Soft skis however have a disadvantage in soft, wet conditions, when the ski can suck more because it is all deeper into the substrate, but a nice thin clister job will help, or gliding the skin with glider spray will stop it becoming water logged and 'sucking' - which was quite extreme one day last week for me as the sun worked its way up a good downhill - it felt like being on a bike and slamming the brakes on as the skin entered a suck from being waterlogged! 

Now I put height at the bottom here, where as traditionally it was at the top. It could be that you rather like a bit of skating, or combi skiing under way just for fun, and are happy to pole along at your own sweet pace. Alternatively you may have poor tramlines or none at all, and need to find both grip and glide on beaten down flat snow. Here a higher amount of stiffness would be what to get, but not so high that you would struggle to get kick-grip.

Height has something to say with stability of the ski and balance such that the leverage of your body is matched by the legnth of the ski, but as said above, it is kind of a rough guide. Some manufacturers like fischer, have a 'short cut' design which is really saying you get a bit better spring from a shorter ski than would be traditional. My racing ski fits I have looked at, are all up at the very longest in the range, from 208 to 212 cm (2.08m- 2.11m) long due to my imodest total weight. 

Vary Your Wax Zone with Conditions

Once you understand the relationship between style, ability, weight and conditions, you can think about what length of wax zone will help get the most out of your skis. 

In softer, cold, new snow conditions you can choose to use a very hard base wax on the legnth of the zone, green or white, while then applying the day wax a good few inches back in, and perhaps stopping a couple of inches in from the heel towards the midsole. Go out and do some test kicks once the ski cools that is. You may get away with the day's wax just under the 'pocket' of the ski where there will usually be crystals when ever you care to look.

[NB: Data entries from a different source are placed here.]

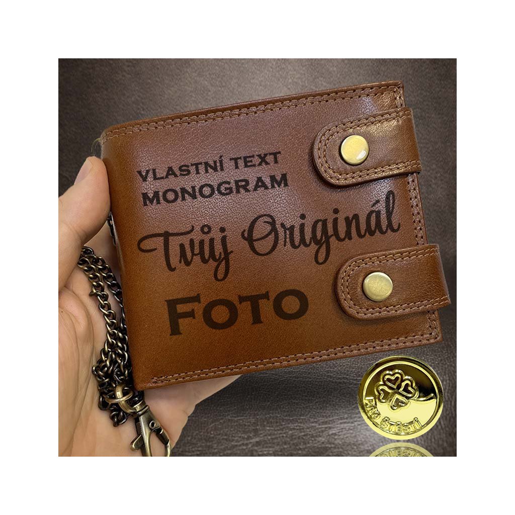 Pánská kožená peněženka s řetízkem ROYAL Leather RFID s monogramem, textem nebo fotkou + Akce - zlatá mince Pro štěstí ZDARMA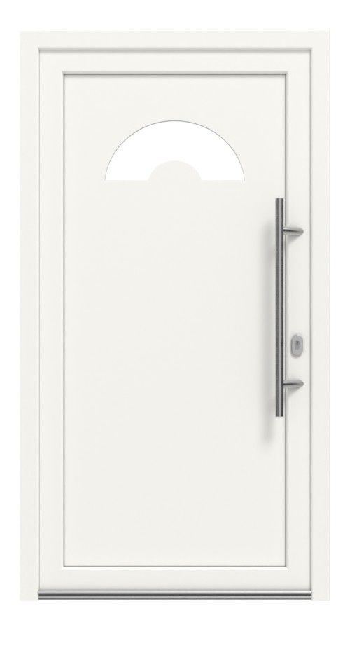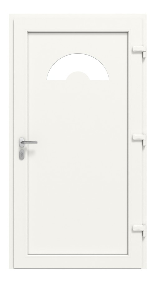 • Konstrukcja: izolowany termicznie profil wielokomorowy w ramie osłonowej i skrzydle z wyjątkowo odpornego na uderzenia PVC, skrzydło drzwiowe z wysoko izolującym wypełnieniem z tworzywa sztucznego typu sandwich z rdzeniem MDF 4 mm, grubość wypełnienia: 30 mm, uszczelki obwodowe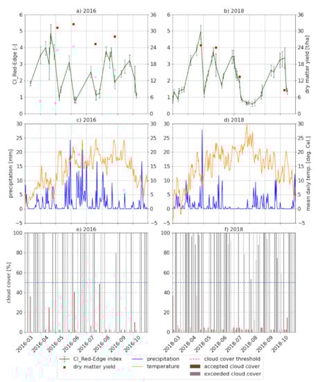 Time series over growing seasons 2016 and 2018: CIRed-Edge index and dry matter yield for parcel Lenzen grosse Weide (a,b), total precipitation (mm) and mean daily temperature (deg. C) for the area of Kleve (c,d), and cloud cover percentages for parcel Lenzen grosse Weide (e,f).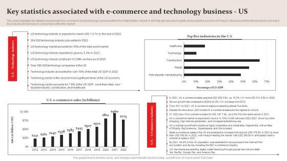 This slide highlights the detailed assessment of e commerce and technology business within the United States market. It will help get valuable insights and project the success of Amazons Business while introducing its brand and its products and services to consumers within the market. Are you searching for a Key Statistics Associated E Commerce Amazon Business Plan Go To Market Strategy Graphics Pdf that is uncluttered, straightforward, and original Its easy to edit, and you can change the colors to suit your personal or business branding. For a presentation that expresses how much effort you have put in, this template is ideal With all of its features, including tables, diagrams, statistics, and lists, its perfect for a business plan presentation. Make your ideas more appealing with these professional slides. Download Key Statistics Associated E Commerce Amazon Business Plan Go To Market Strategy Graphics Pdf from Slidegeeks today. This slide highlights the detailed assessment of e commerce and technology business within the United States market. It will help get valuable insights and project the success of Amazons Business while introducing its brand and its products and services to consumers within the market.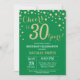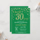 30th Birthday Invitation with Green and Gold Glitter Diamond Background. Gold Confetti. Adult Birthday. Male Men or Women Birthday. For further customisation, please click the "Customise it" button and use our design tool to modify this template.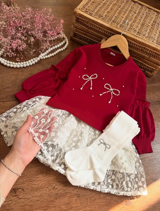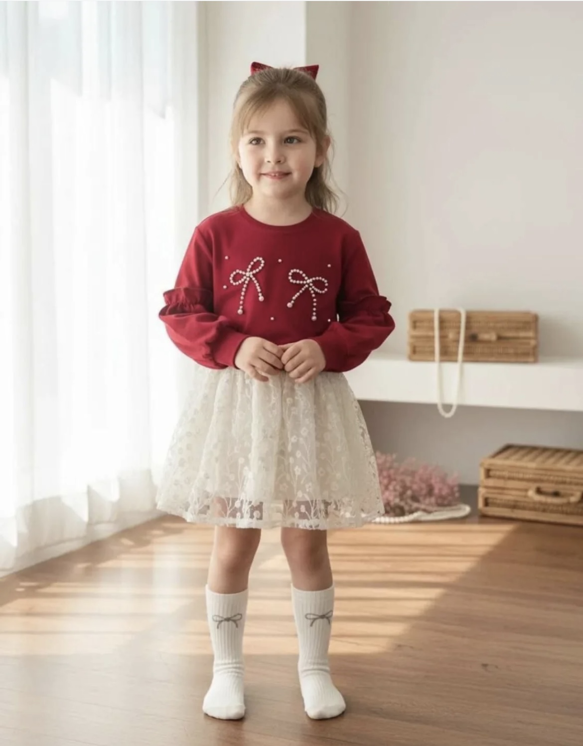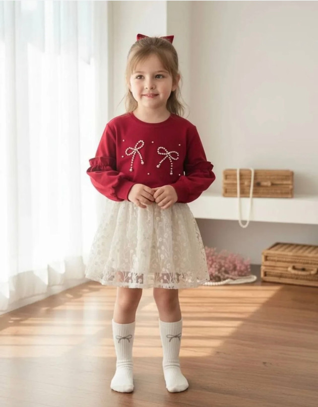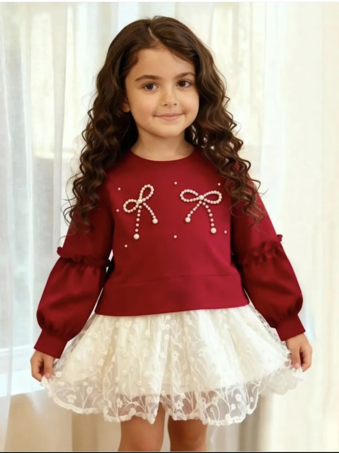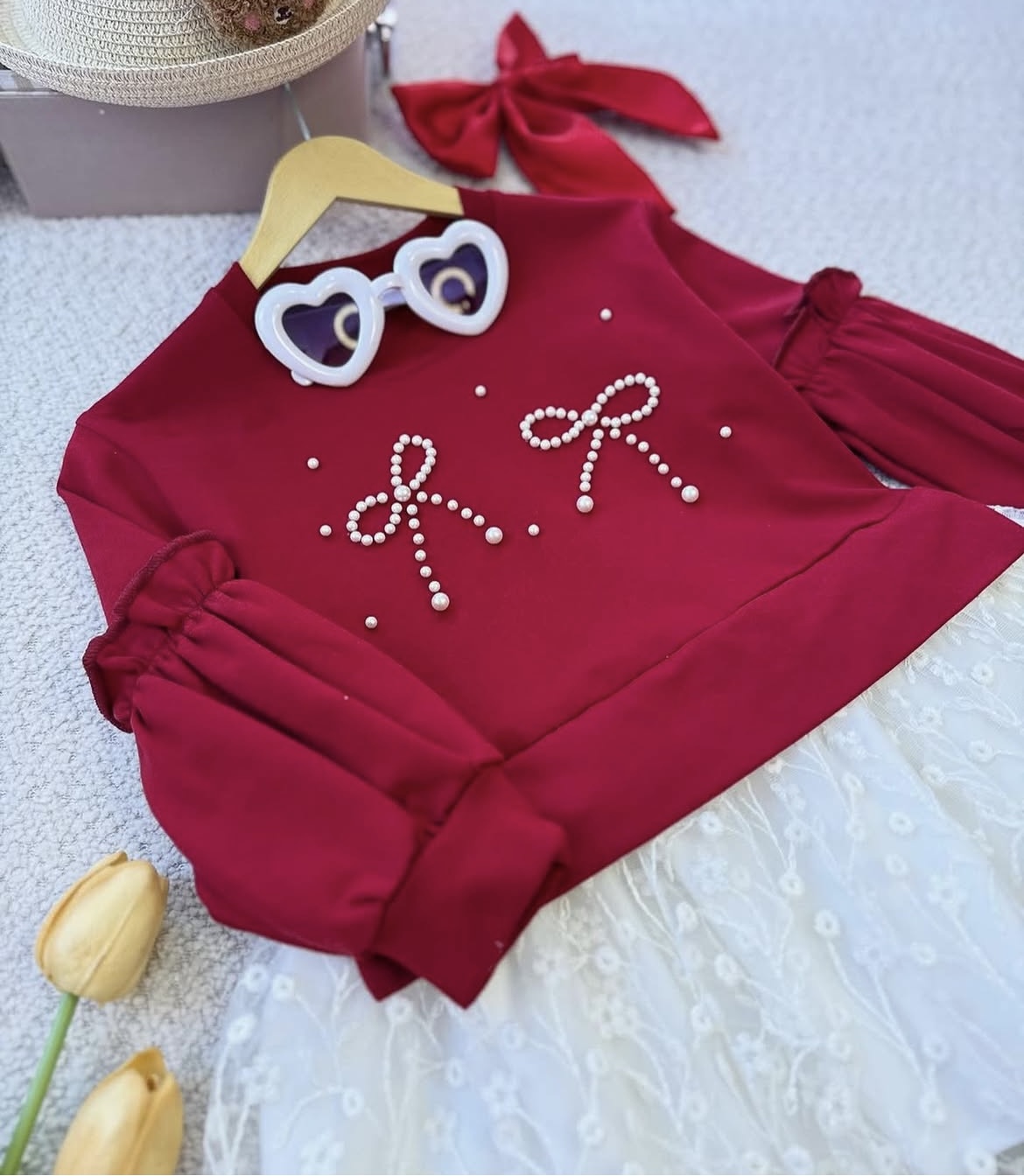 پیراهن مدل یلدایی دخترانه با دامن تور

 A lighter skier can also use a slightly softer wax, so you could use a purple in the middle of the "pyramid" ie under the boot sole,  if you find the traction a little lacking  - even as cold as minus ten in new snow. The same will be true of a harder ski, which you may compensate for with a 'pyramid peak' of softer wax when conditions are soft.

Fluctuating 'zero' conditions are annoying because you get icing on the ski, or suck if water starts to form under the ski. Some skiers use a combination of a flourinated purple on some of the lenght of the foremost half of the kick zone, as far as the toes of the boot/binding area, and then stop here and use a clister under the sole in the 'pocket' which does not reach as far back as the heel. Thus any crystals which do get picked up will created minimal friction in the glide, and you get a good combination of grip as the temperature rises and falls.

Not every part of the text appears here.